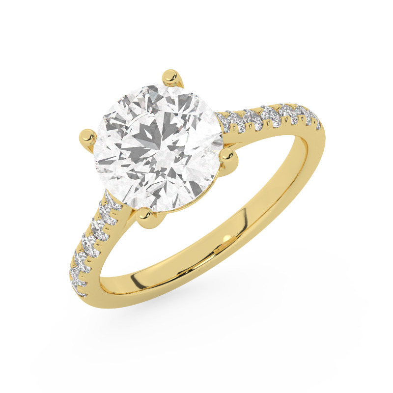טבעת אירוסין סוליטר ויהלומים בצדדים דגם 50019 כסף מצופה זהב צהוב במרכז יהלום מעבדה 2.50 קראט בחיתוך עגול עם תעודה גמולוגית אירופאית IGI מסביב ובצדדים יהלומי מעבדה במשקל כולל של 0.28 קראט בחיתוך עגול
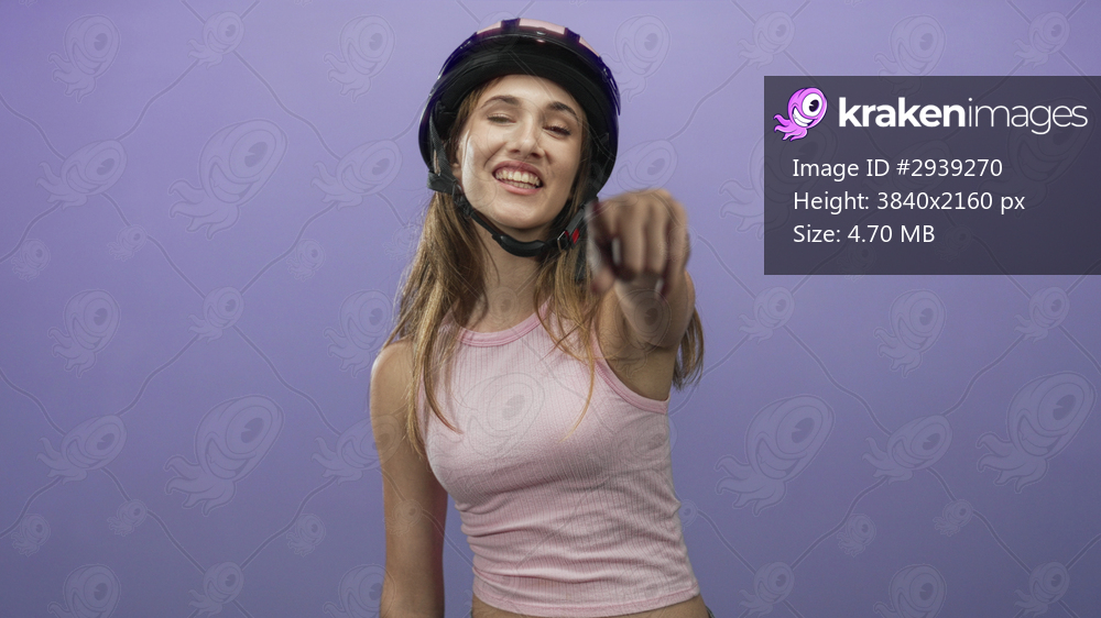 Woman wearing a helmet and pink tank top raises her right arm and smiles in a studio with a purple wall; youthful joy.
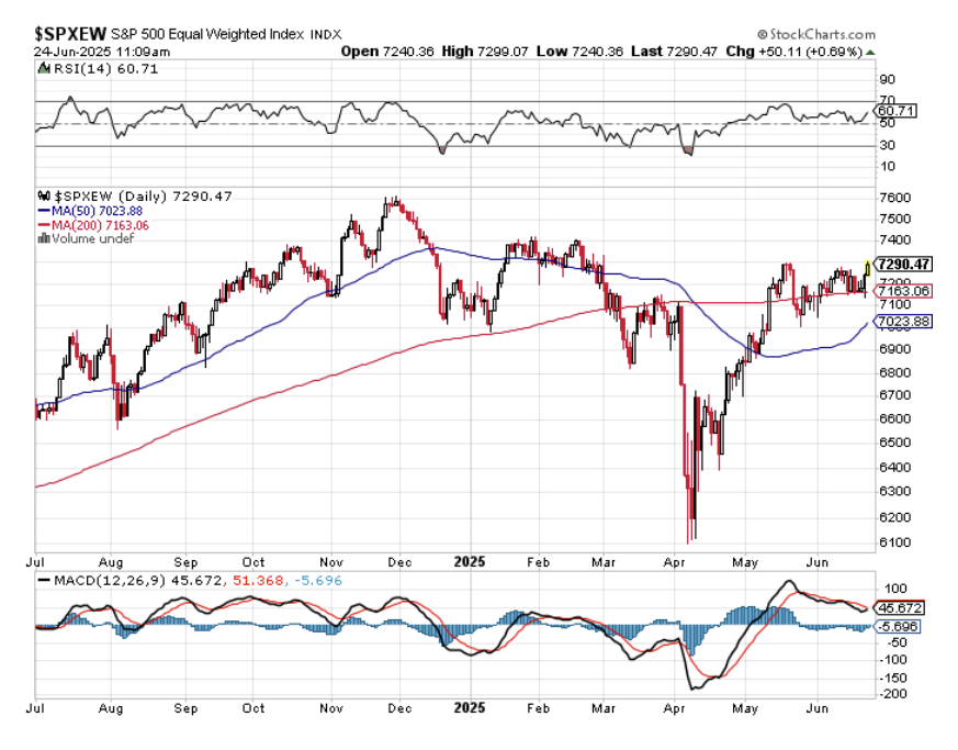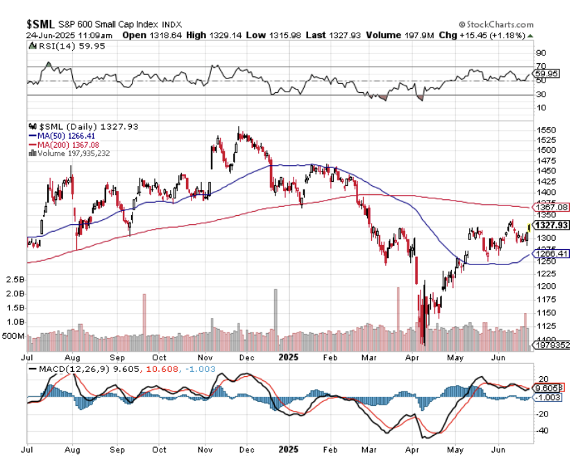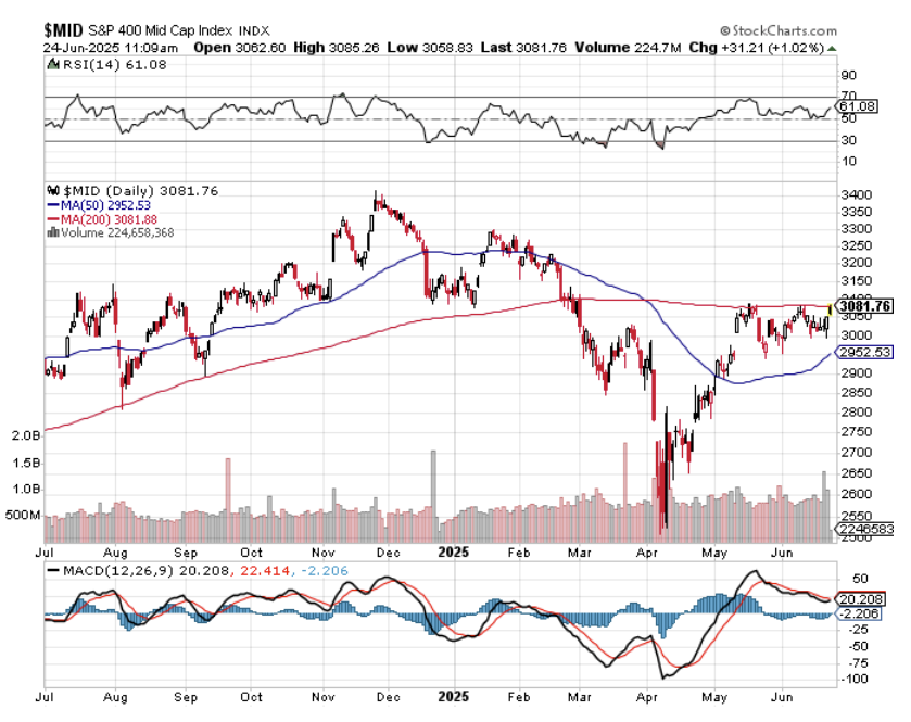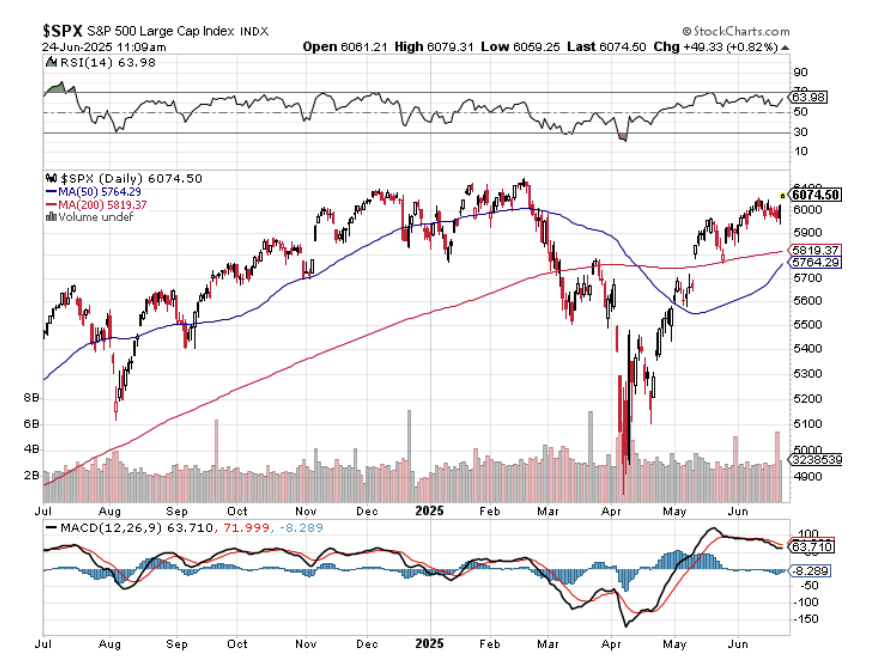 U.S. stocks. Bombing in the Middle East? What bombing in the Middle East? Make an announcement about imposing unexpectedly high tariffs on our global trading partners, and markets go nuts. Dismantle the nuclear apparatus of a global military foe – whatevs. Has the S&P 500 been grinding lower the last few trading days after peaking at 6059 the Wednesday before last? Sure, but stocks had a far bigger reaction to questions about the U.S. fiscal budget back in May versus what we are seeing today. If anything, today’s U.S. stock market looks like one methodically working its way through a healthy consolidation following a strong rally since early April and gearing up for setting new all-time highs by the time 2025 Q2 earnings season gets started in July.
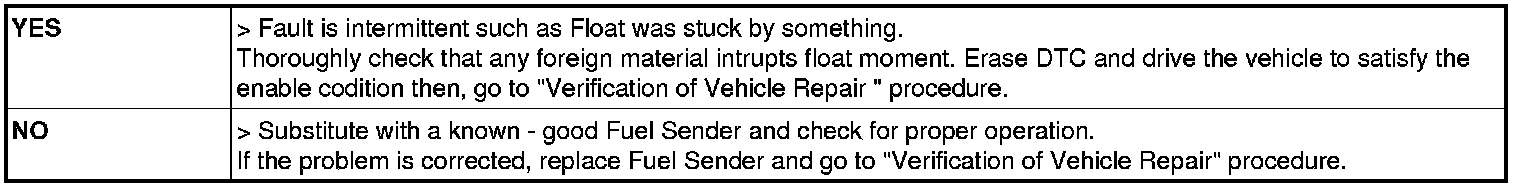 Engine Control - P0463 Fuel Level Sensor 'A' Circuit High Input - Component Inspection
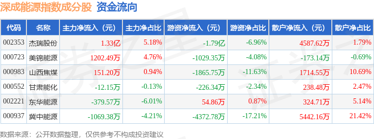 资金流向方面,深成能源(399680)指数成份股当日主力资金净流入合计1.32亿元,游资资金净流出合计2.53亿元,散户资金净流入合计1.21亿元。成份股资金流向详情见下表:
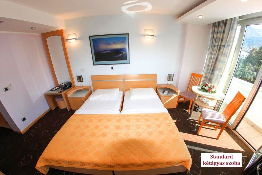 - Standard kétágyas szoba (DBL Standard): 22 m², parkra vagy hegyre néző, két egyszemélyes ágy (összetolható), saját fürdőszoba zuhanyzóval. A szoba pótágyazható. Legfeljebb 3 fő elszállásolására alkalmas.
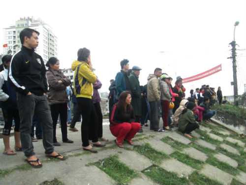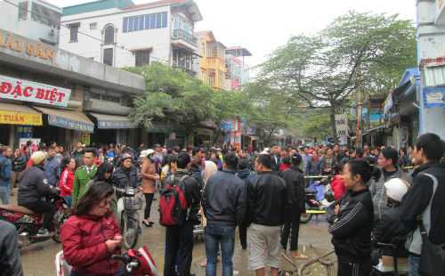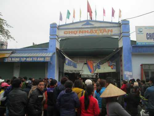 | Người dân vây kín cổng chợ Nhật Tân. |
+-------+
• [EXERCISE DIRECTIONS]
Exact copies of all the entries, without any pictures, are what the answer must contain.

• [REPLY TO THE TASK]
טבעת אירוסין סוליטר ויהלומים בצדדים דגם 50019 כסף מצופה זהב צהוב במרכז יהלום מעבדה 2.50 קראט בחיתוך עגול עם תעודה גמולוגית אירופאית IGI מסביב ובצדדים יהלומי מעבדה במשקל כולל של 0.28 קראט בחיתוך עגול
 Woman wearing a helmet and pink tank top raises her right arm and smiles in a studio with a purple wall; youthful joy.
 U.S. stocks. Bombing in the Middle East? What bombing in the Middle East? Make an announcement about imposing unexpectedly high tariffs on our global trading partners, and markets go nuts. Dismantle the nuclear apparatus of a global military foe – whatevs. Has the S&P 500 been grinding lower the last few trading days after peaking at 6059 the Wednesday before last? Sure, but stocks had a far bigger reaction to questions about the U.S. fiscal budget back in May versus what we are seeing today. If anything, today’s U.S. stock market looks like one methodically working its way through a healthy consolidation following a strong rally since early April and gearing up for setting new all-time highs by the time 2025 Q2 earnings season gets started in July.
 Engine Control - P0463 Fuel Level Sensor 'A' Circuit High Input - Component Inspection
 资金流向方面,深成能源(399680)指数成份股当日主力资金净流入合计1.32亿元,游资资金净流出合计2.53亿元,散户资金净流入合计1.21亿元。成份股资金流向详情见下表:
 - Standard kétágyas szoba (DBL Standard): 22 m², parkra vagy hegyre néző, két egyszemélyes ágy (összetolható), saját fürdőszoba zuhanyzóval. A szoba pótágyazható. Legfeljebb 3 fő elszállásolására alkalmas.
 | Người dân vây kín cổng chợ Nhật Tân. |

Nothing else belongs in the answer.